Provando ser possível resgatar o uso e a importância desse transporte alternativo, surgiu em 2006 a Expedição Carona Interativa, projeto que já contornou todo o litoral brasileiro somente na carona e agora pretende mostrar a viabilidade dessa prática em outros países da América do Sul.
Durante as etapas nacionais, que duraram cerca de cinco meses entre Curitiba e São Luis do Maranhão, foram registrados centenas de relatos e fotografias no blog da expedição, divulgando informações de lugares paradisíacos e desconhecidos, além de incontáveis histórias de curtição que deixaria até o Dr. Love com inveja!
Para ajudar os leitores que ainda não descobriram a incrível sensação de viajar dessa forma, a Expedição coloca aqui algumas dicas básicas de como pegar carona com tranqüilidade e curtir o lado bom da vida!
Antes de tudo, o aspirante a caroneiro deve ter consciência do seguinte lema: “nunca dar trabalho ao motorista”. Deve-se facilitar ao máximo a vida do condutor, para que ele possa identificar o caroneiro, parar com segurança e forncer carona sem nenhuma dificuldade.

1) Viaje sozinho ou em casal

Carona não é fácil, imagine então viajar junto com mais de duas pessoas e achar espaço para embarcar todo mundo. Sozinho você consegue encarar as caronas mais impossíveis, em lugares que às vezes mal cabe sua mochila.
carona
O ângulo certo do dedão faz toda a diferença
Viajando em casal, a mulher desponta uma atenção maior do motorista, fazendo muita gente encostar para ajudar. Já dois homens, por exemplo, inibem o condutor solitário, que mesmo disposto a dar carona, não vai parar por falta de segurança, pois no pensamento dele caso aconteça algo são 2 contra 1.
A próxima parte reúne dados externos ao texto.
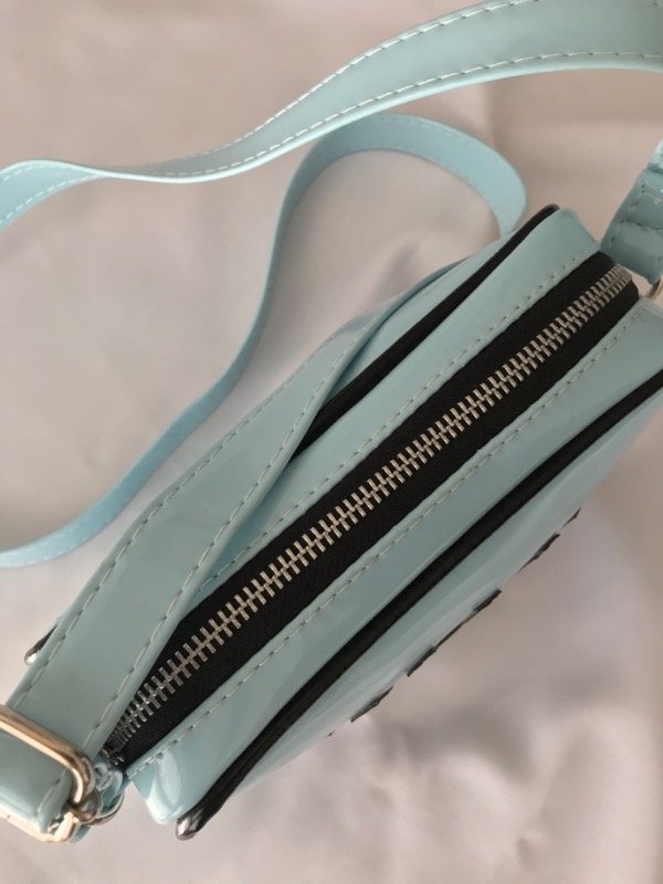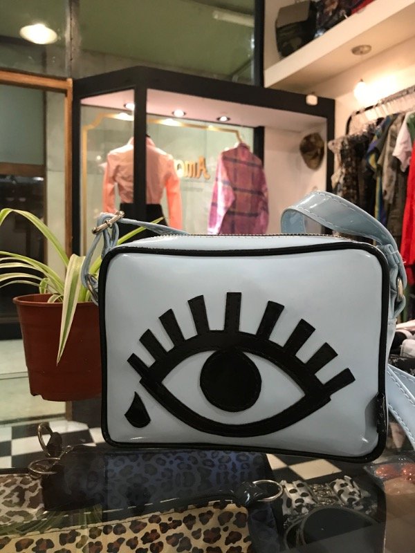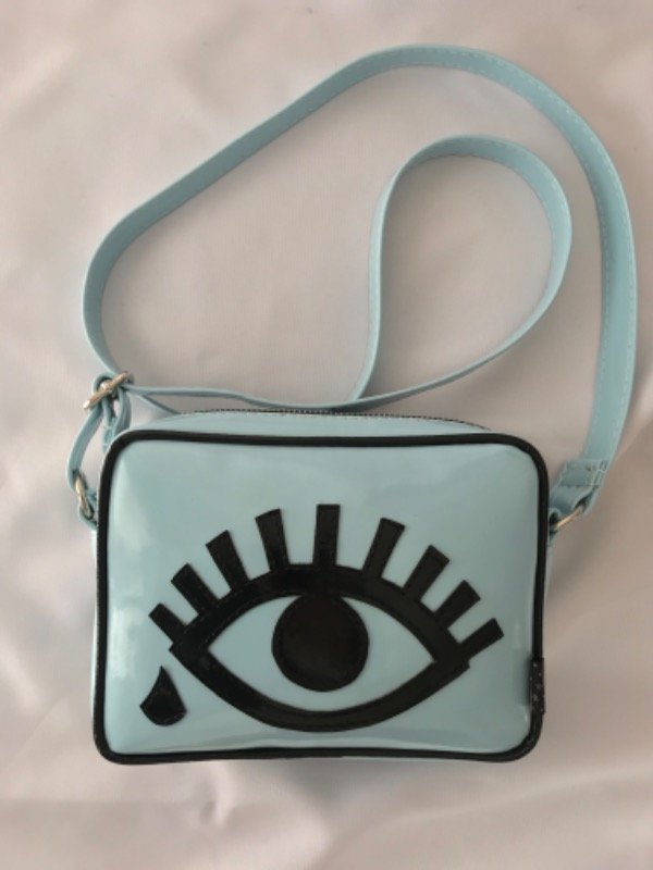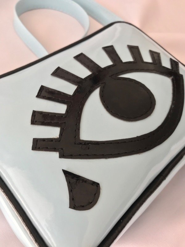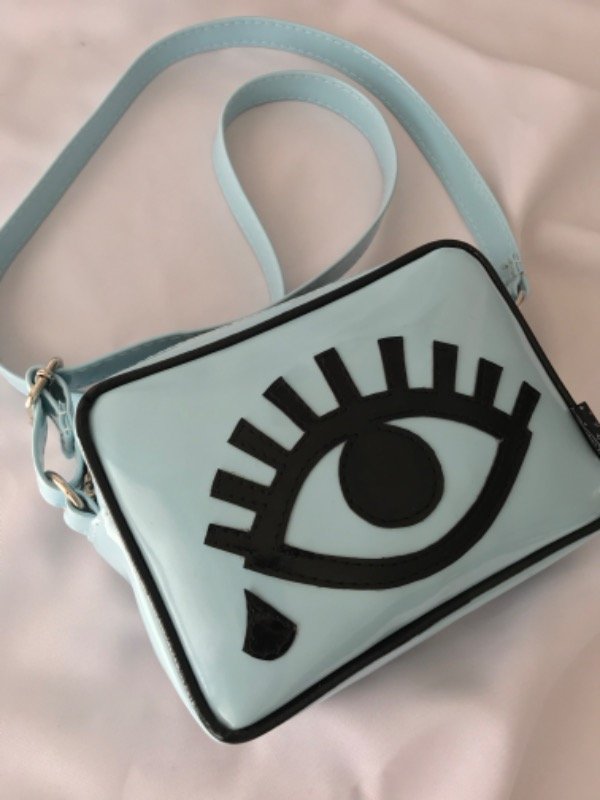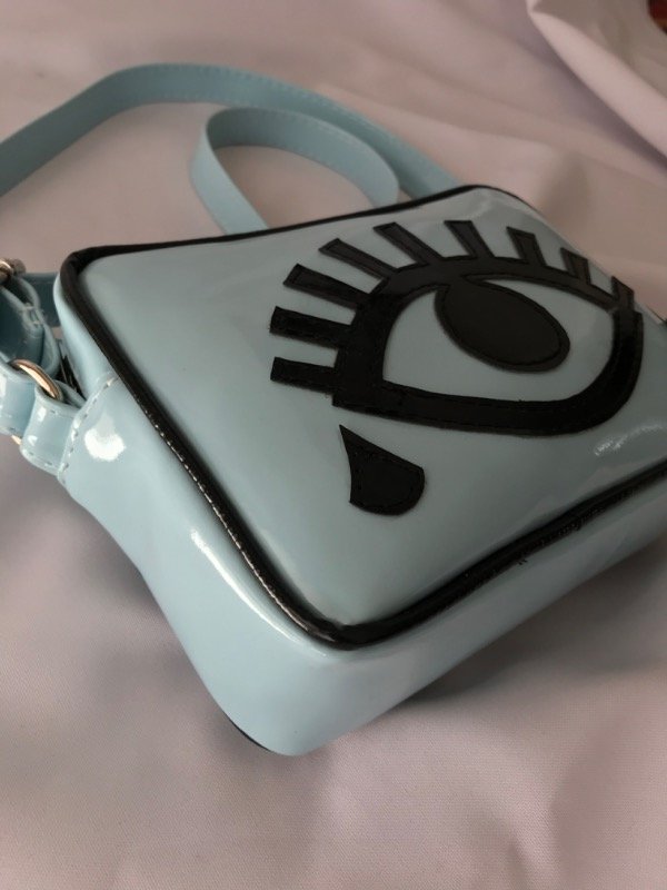 morral de charol celeste con aplique de ojo también en charol, forrada
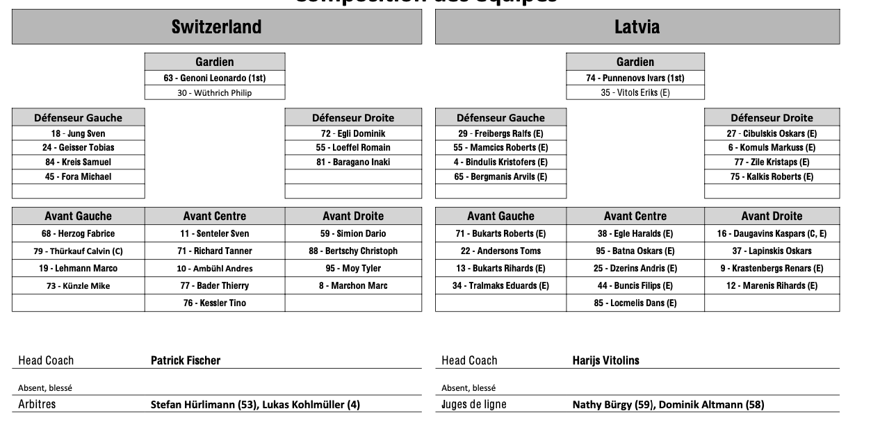 Formation des équipes pour le match Suisse vs Lettonie 26/04/2024 Follow SwissHabs Derniers articles Il y a 12 minutes Berne aurait porté son choix sur Ville Peltonen Il y a 30 minutes 700 assists en NHL pour Nikita Kucherov Il y a une heure Tyler Myers sans doute sur le départ Il y a une heure Un 15e but pour Timo Meier mais une défaite pour les Devils Il y a 9 heures Retour de l'action en NHL : quelques chiffres à retenir
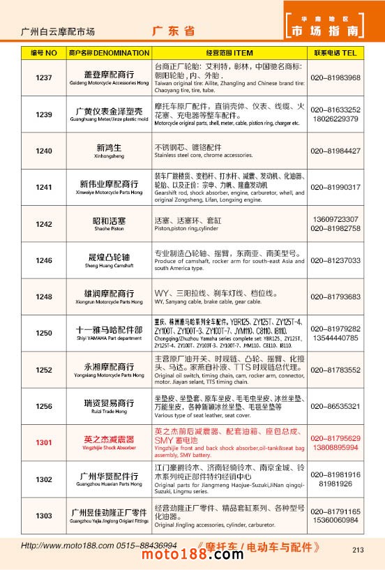 內213 廣州市白云摩配市場商戶
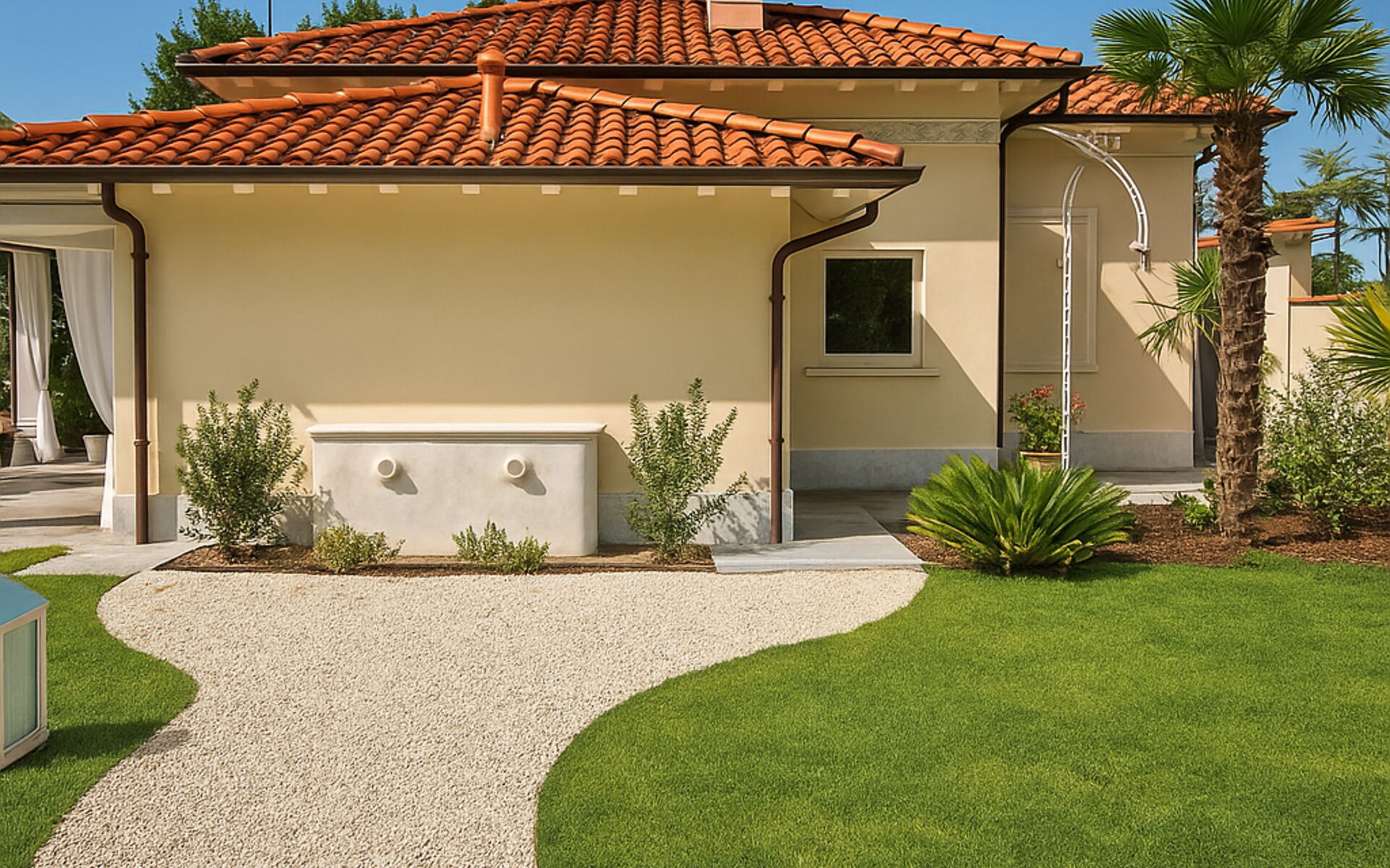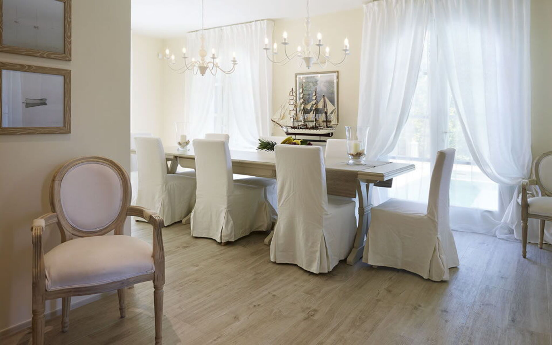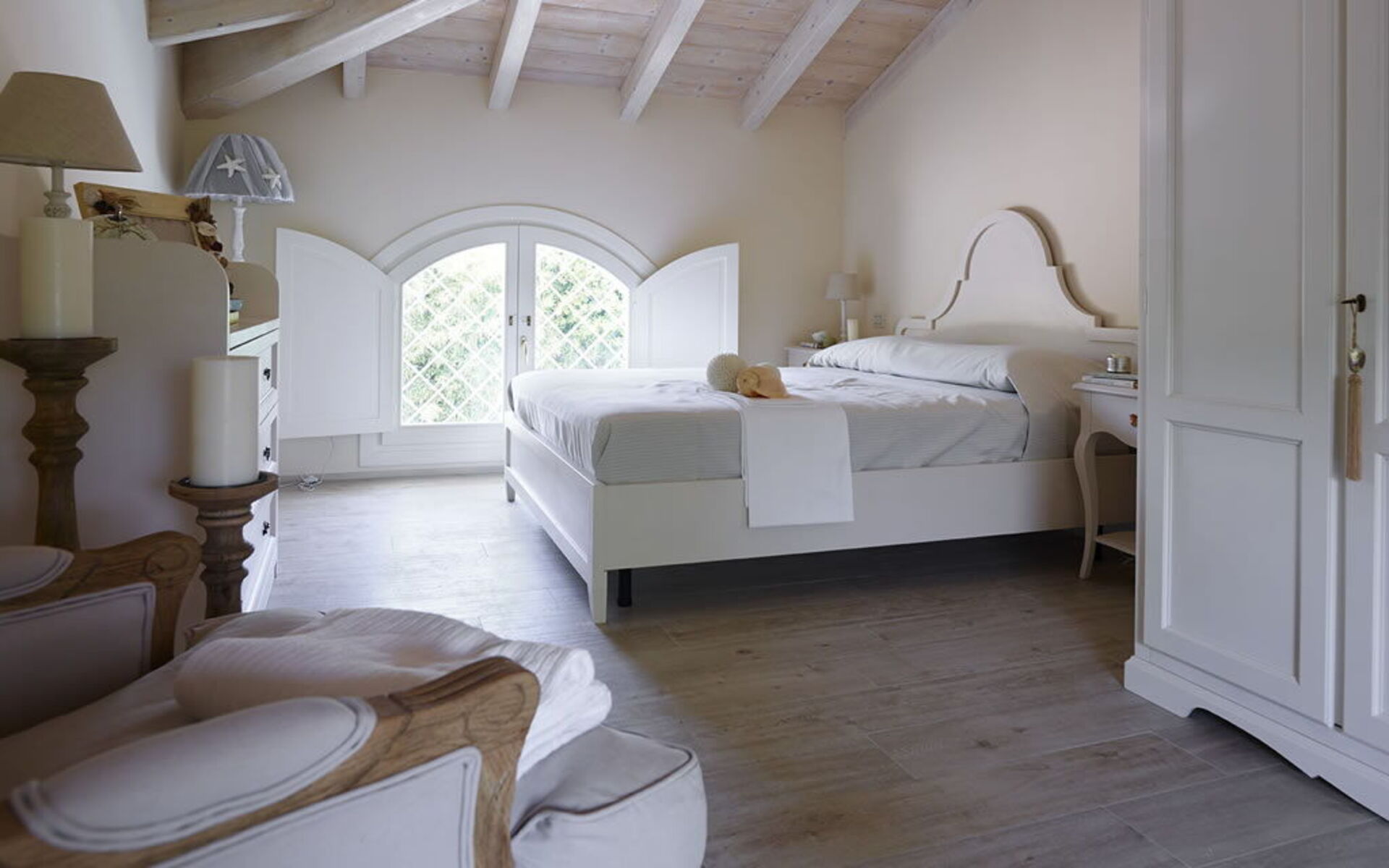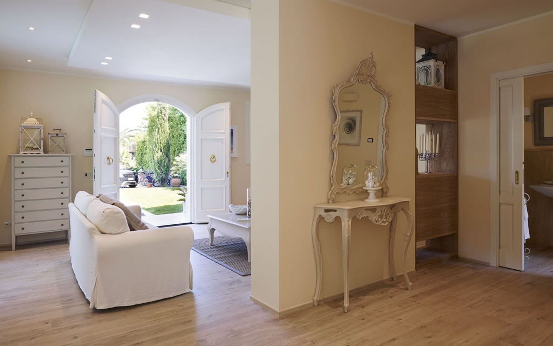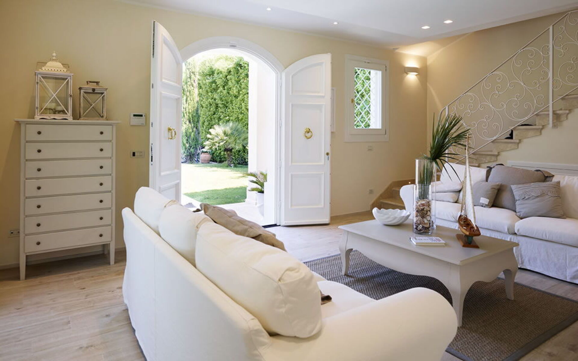 Designed to host up to 16 people, the two villas are connected by a wide green space that guarantees both privacy and conviviality. At the heart of the property is a large wooden loggia with exposed beams—a true outdoor living room featuring cozy sofas, armchairs, and a dining area—ideal for enjoying moments of pure relaxation in the shade or under the stars.
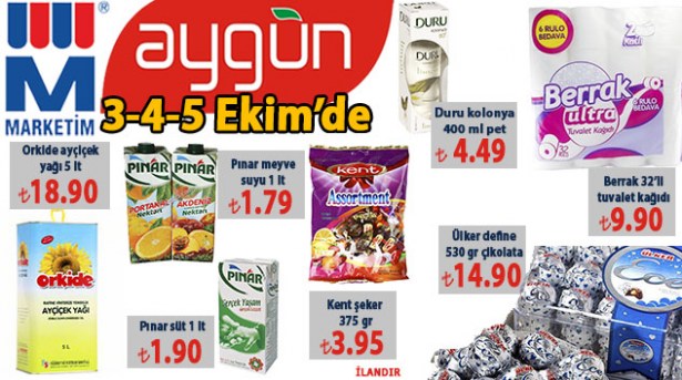 Aygün Market, 3-4-5 EKİM tarihleri arasında indirimli ürünleriyle Ereğli halkını alışverişe davet ediyor.
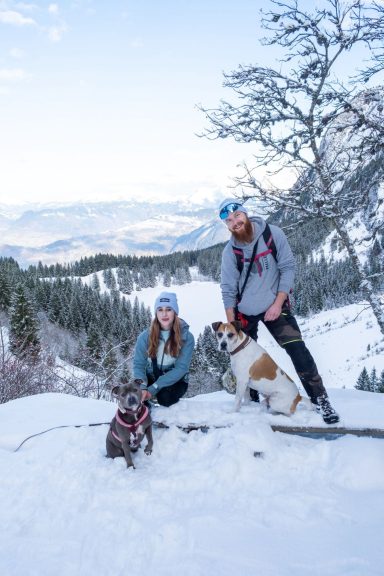 Je commence par la récupération de votre loulou à votre domicile comme pour une balade classique puis une fois que tout le monde est bien installé en voiture, direction les sentiers de Haute-Savoie pour une belle aventure au grand air !
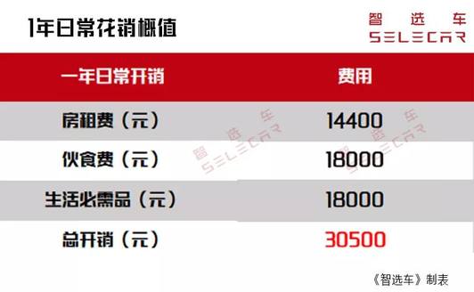 鉴于朋友是单身汪,平时也比较宅,就其自己而言,在房租、伙食费以及其他杂费算在内,保守的看,他1年的日常花销为50400元。 最后,我们来总的盘一下,月薪8000元,1年算上年终奖大致为11万元,减去日常花销30500元,养车53161元,剩余6439元,可以说是勉强养得起。(注:这只是个例,且是大致花销费用。)
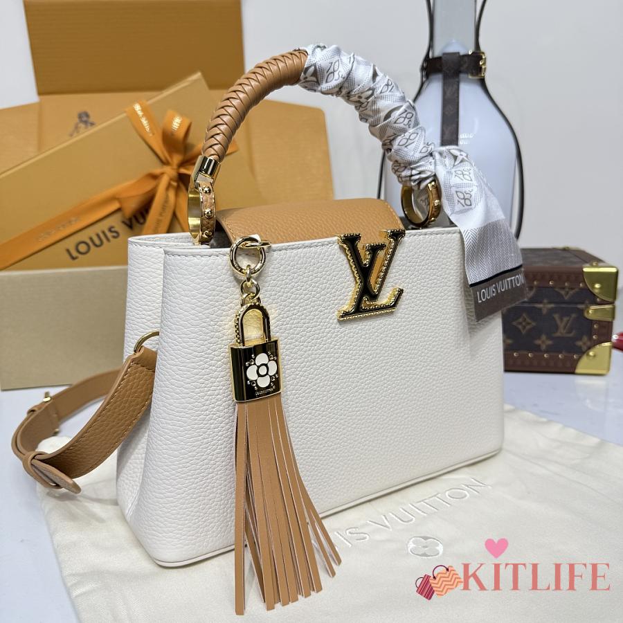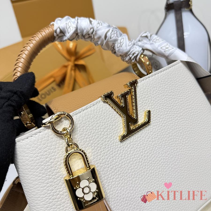 Kitlife Louis Vuitton Capucines BB Bag Cream & Arizona Beige M25466 27x17.3x9cm
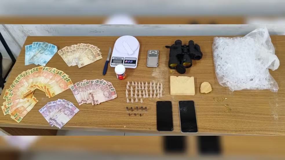 Os objetos foram apreendidos e o suspeito foi levado à delegacia, onde foi verificado o mandado de prisão em aberto por homicídio.
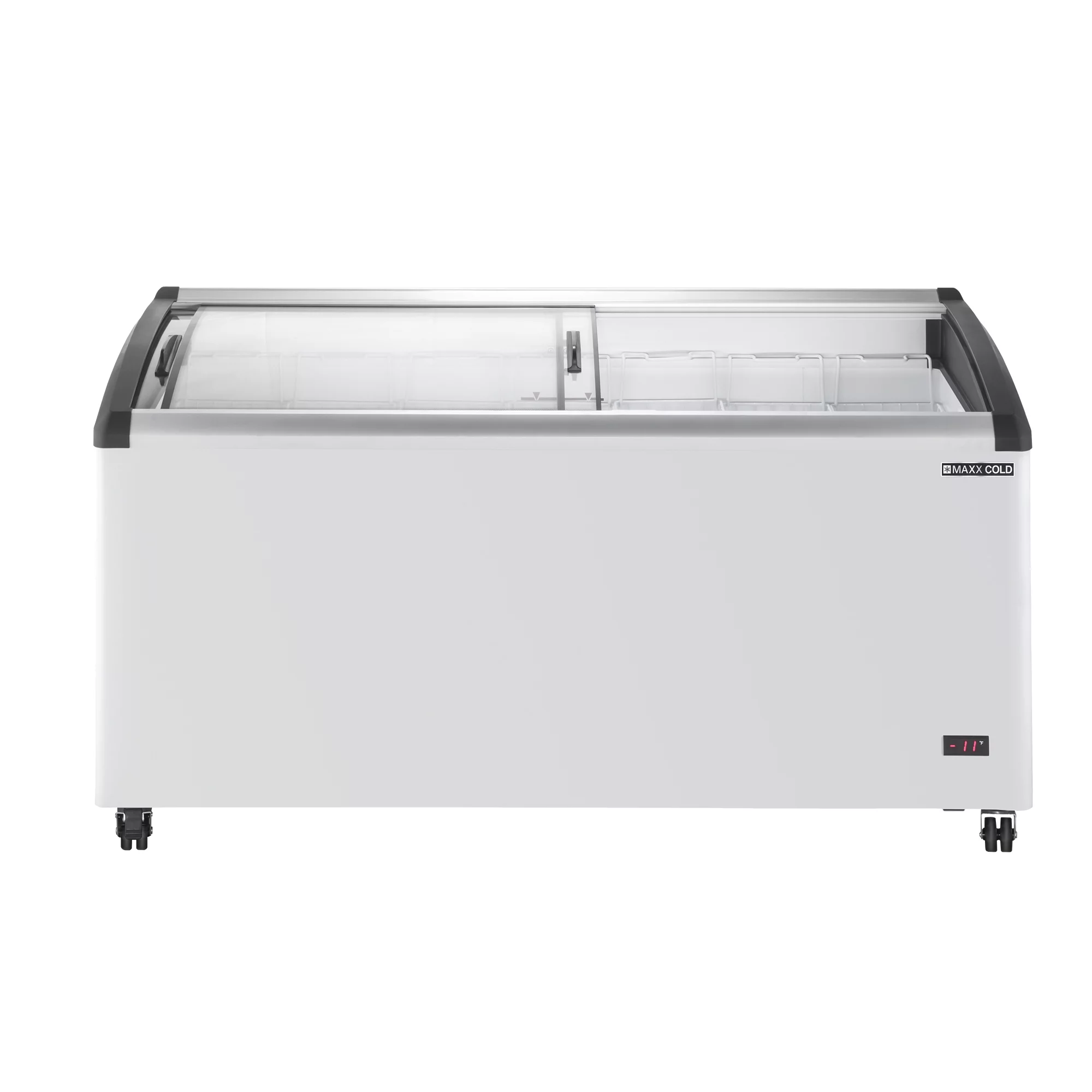 Maxx Cold Curved Glass Top Chest Freezer Display, 63.4"W, 12.36 cu. ft. Storage Capacity, Equipped with (7) Wire Baskets, in White (MXF64CHC-7)

2) Se posicione no lugar certo

Na beira do acostamento o motorista precisa ver você. Para que isso ocorra com maior tranqüilidade, o trânsito tem que estar lento, devagar. Poucos têm a boa vontade de socorrer um viajante quando o carro está voando a 120 km/h.
Deve-se procurar um ponto de redução de velocidade, após cruzamentos viários, entroncamentos, trevos, lombadas ou postos da polícia rodoviária. Se nada disso estiver por perto, fique num trecho reto da estrada, sem subidas, descidas ou curvas perigosas. Certifique-se que o acostamento é seguro, longe de buracos ou desníveis para o motorista parar com facilidade.

3) Fuja da área urbana

Locais urbanos circulam muita gente, dando uma sensação de insegurança para o motorista amigo da carona.
Sem falar das saídas de muitas cidades, com periferias perigosas para qualquer cidadão. Nos grandes centros a melhor coisa a fazer é pegar um ônibus para uma cidadezinha próxima, onde possa descolar carona sem medo.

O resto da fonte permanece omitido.